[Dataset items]
--------------------------------------------------

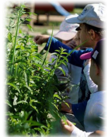
Abbildung 5: co.natur gGmbH Waldkindergarten Heimsheim
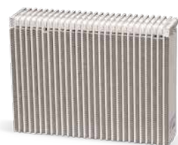
Avec entretien de la clim

La bouteille déshydratante élimine les impuretés du fluide frigorigène et retient l'humidité contenue dans le circuit. Mais sa capacité est limitée, d'où la nécessité de la remplacer à titre préventif dans les véhicules plus anciens et/ou si le kilométrage est élevé, pour protéger la climatisation contre les dommages causés par l'humidité dans le système.
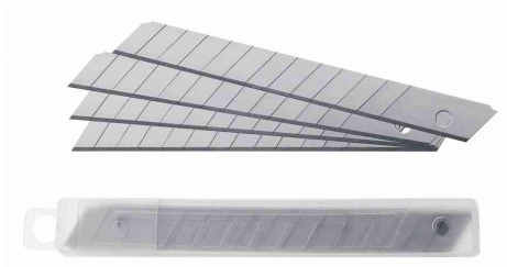
Zubehör: Ersatzklingen für Cutter E-84000, E-84001, E-84002, E-84021, E-84024, E-84027
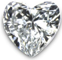
weiße HPHT, G- J, VS1
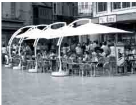
Terrazas en la plaza de la Constitución.

Las actuaciones que han recibido subvención en el marco de este proyecto son las siguientes:

--------------------------------------------------

TASK OBJECTIVE. An exact copy of all the lines above is required, with the pictures removed.

RESPONSE BOX.
Abbildung 5: co.natur gGmbH Waldkindergarten Heimsheim
Avec entretien de la clim

La bouteille déshydratante élimine les impuretés du fluide frigorigène et retient l'humidité contenue dans le circuit. Mais sa capacité est limitée, d'où la nécessité de la remplacer à titre préventif dans les véhicules plus anciens et/ou si le kilométrage est élevé, pour protéger la climatisation contre les dommages causés par l'humidité dans le système.
Zubehör: Ersatzklingen für Cutter E-84000, E-84001, E-84002, E-84021, E-84024, E-84027
weiße HPHT, G- J, VS1
Terrazas en la plaza de la Constitución.

Las actuaciones que han recibido subvención en el marco de este proyecto son las siguientes:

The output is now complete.